The report said ‘corporate giving is an essential component of Signature Bank’s corporate citizenship, and the Bank’s commitment to supporting universal social causes will only grow along with the bank’s size, strength and position within the corporate community, national economy and global society.

‘Each year, Signature makes unrestricted grants to numerous not-for-profit organizations and funds specific activities and initiatives for many others.

‘With our increased focus on social impact, including practices related to human capital, diversity, equity and inclusion, along with strategies to support and cultivate community engagement, and our approach to sustainability efforts as individuals and as an institution, the Bank continues to strengthen its governance in these areas.’ 

A Black Lives Matter demonstrator is seen here carrying a sign in front of a group calling for Kim Potter's release on probation in February 2022

A Black Lives Matter demonstrator is seen here carrying a sign in front of a group calling for Kim Potter’s release on probation in February 2022

The Black Lives Matter movement expanded following the death of George Floyd in 2020

The Black Lives Matter movement expanded following the death of George Floyd in 2020 

It is unclear what the funds specifically donated by Silicon Valley Bank and Signature Bank were used for.

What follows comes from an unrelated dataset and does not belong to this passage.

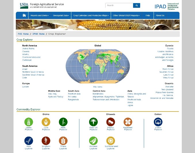 Servicio del Departamento de Agricultura de los Estados Unidos, USDA, que permite la visualización geográfica y consulta de estadísticas de cultivos a nivel global y por país productor
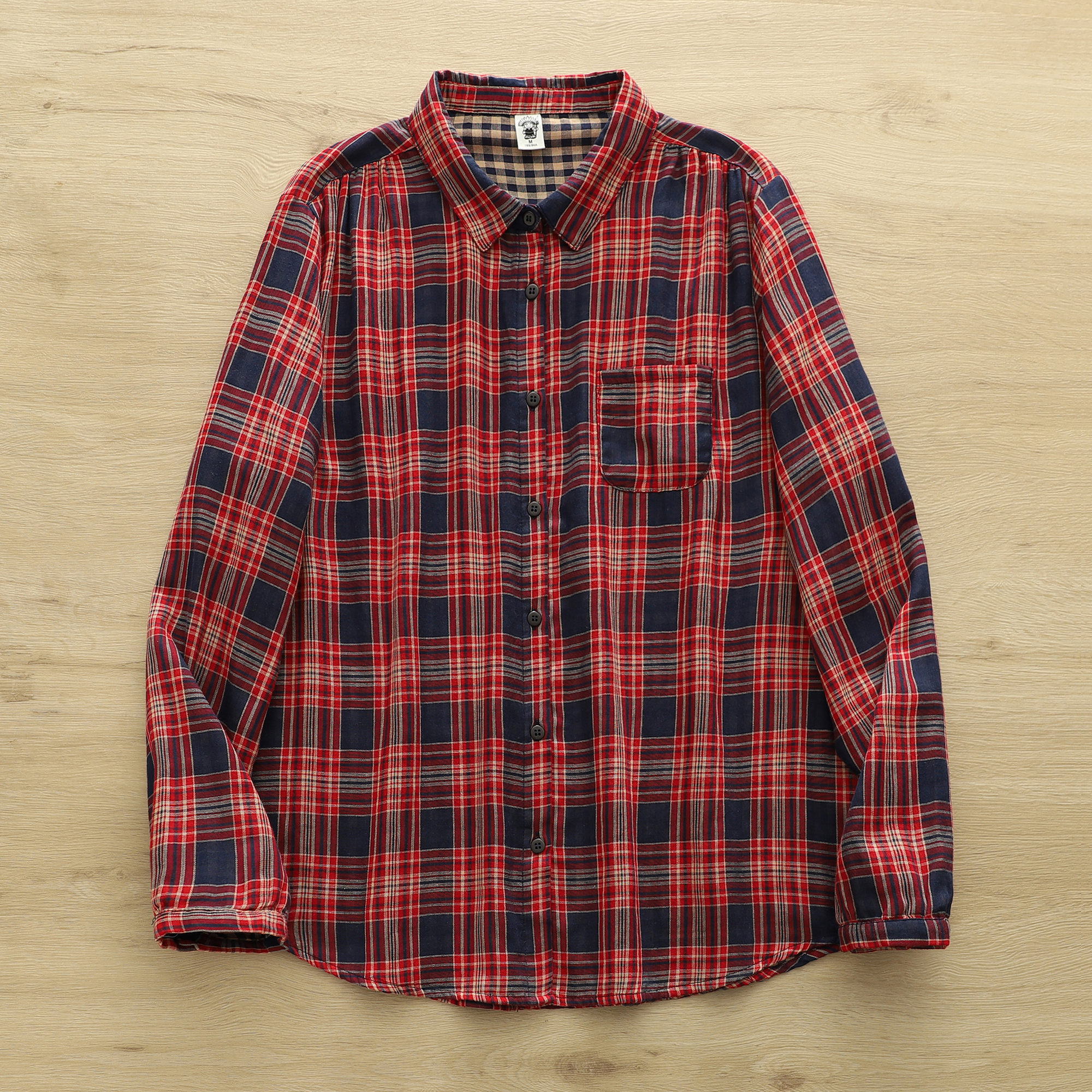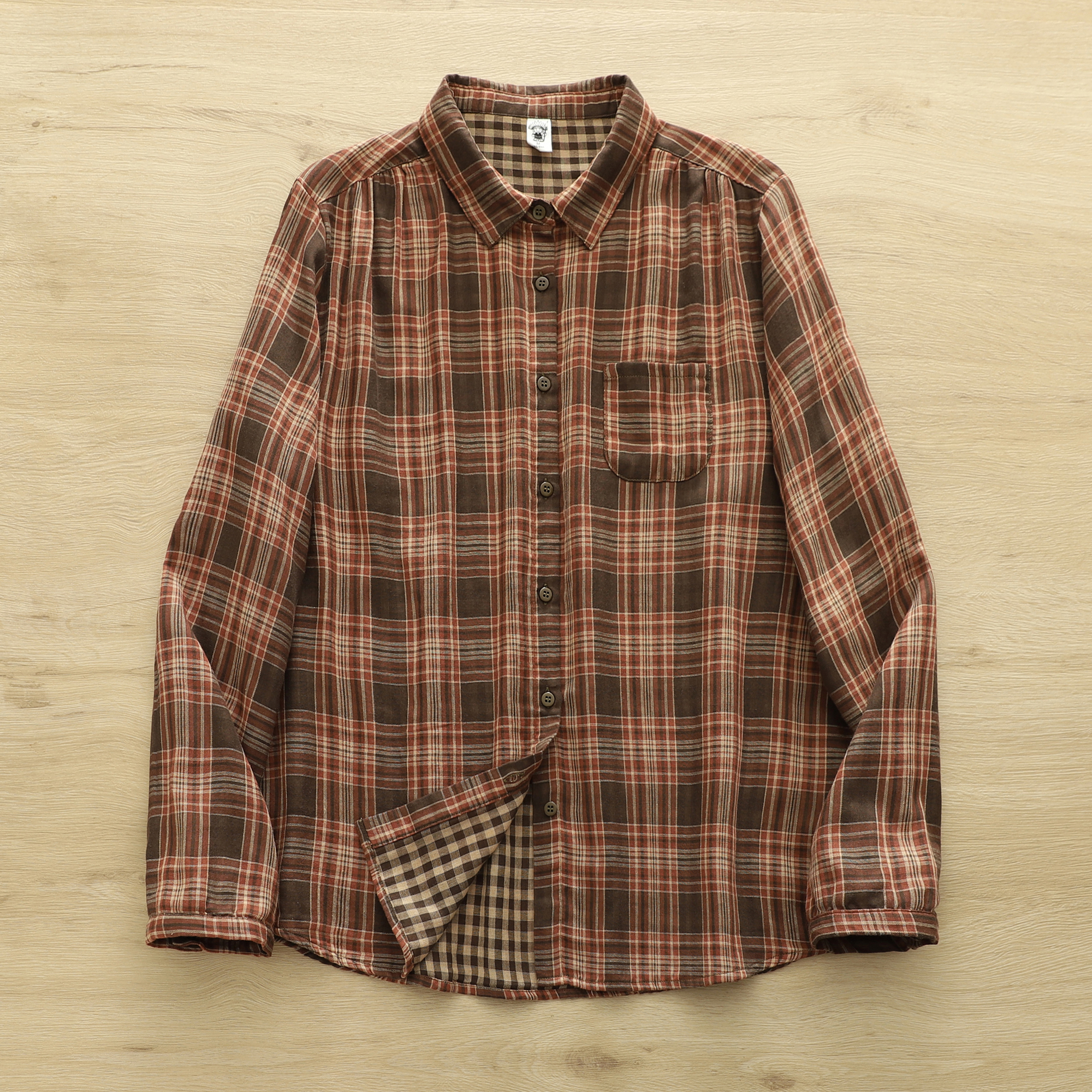 双层棉纱格子衬衫女宽松2025秋季新款复古纯翻领纯棉柔软长袖衬衣

But in an op-ed for Newsweek, executives at the Claremont Institute claimed that Global Network, a BLM private organization, uses its money ‘to support future operations, purchasing luxury real estate, engaging in nepotism, disbursing grants to dozens of BLM chapters and revolutionary organizations, and operating a PAC to “elect progressive community leaders, activists, and working-class candidates fighting for black liberation.’

Local BLM chapters, it said, are also ‘spending millions on activism and initiatives to defund police departments’ and ‘BLM At Schools is indoctrinating children around the country in critical race theory, teaching them to hate themselves, their peers and their country.’ 

‘Meanwhile, banks are issuing billions of dollars in subprime loans “to help end systemic racism” and corporations are funding leftist bail funds that release violent rioters and criminals onto our street and collaborating to create radicalized, anti-meritocratic hiring schemes,’ Claremont Institute claims, without naming SVB and Signature Bank directly. 

It concludes: ‘This redistribution of corporate wealth — wealth that rightly belongs to shareholders including pensioners and retirees, and that should have been paid out as dividends or put toward stock buybacks — is historic, and may be viewed as a form of reparations made to self-declared enemies of the American nation and way of life.

‘And that wealth transfer is inconceivable without BLM.’

DailyMail.com has reached out to Silicon Valley Bank, Signature Bank and Black Lives Matter for comment.